Task directions: Everything in the listing below must be reproduced exactly, apart from its images.

#### Stored data ####

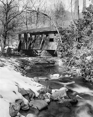 This iconic covered bridge is perfectly located on Sleepy Hollow Road in North Carolina. Snow covers the ground from a few days earlier and the water still flows freely beneath the sinister bridge. Captured using a vintage 4x5 field camera. Sleepy Hollow - February 2022
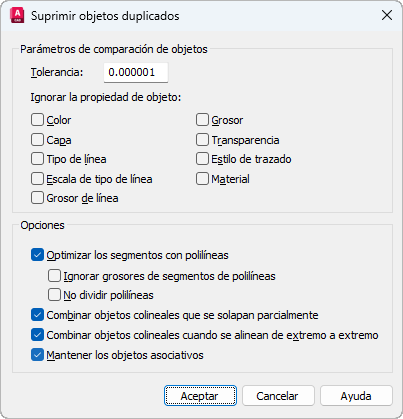 Elimina la geometría duplicada así como las líneas, arcos y polilíneas solapados. Asimismo, combina este tipo de elementos parcialmente solapados o contiguos.
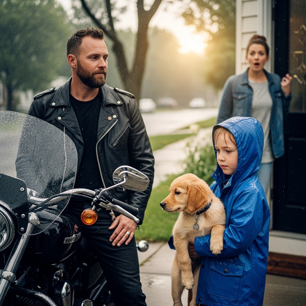 Biker Stopped to Help a Boy and His Dog in the Rain — What Happened at the Door Made the Whole Neighborhood Fall Silent
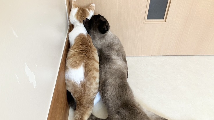 最初こそ距離はありましたが、いまではごはんの時間になると扉を開けるんじゃないかと思うほどの圧で、扉の前で2匹仲良く待機しています。

####

Response for this exercise:
 This iconic covered bridge is perfectly located on Sleepy Hollow Road in North Carolina. Snow covers the ground from a few days earlier and the water still flows freely beneath the sinister bridge. Captured using a vintage 4x5 field camera. Sleepy Hollow - February 2022
 Elimina la geometría duplicada así como las líneas, arcos y polilíneas solapados. Asimismo, combina este tipo de elementos parcialmente solapados o contiguos.
 Biker Stopped to Help a Boy and His Dog in the Rain — What Happened at the Door Made the Whole Neighborhood Fall Silent
 最初こそ距離はありましたが、いまではごはんの時間になると扉を開けるんじゃないかと思うほどの圧で、扉の前で2匹仲良く待機しています。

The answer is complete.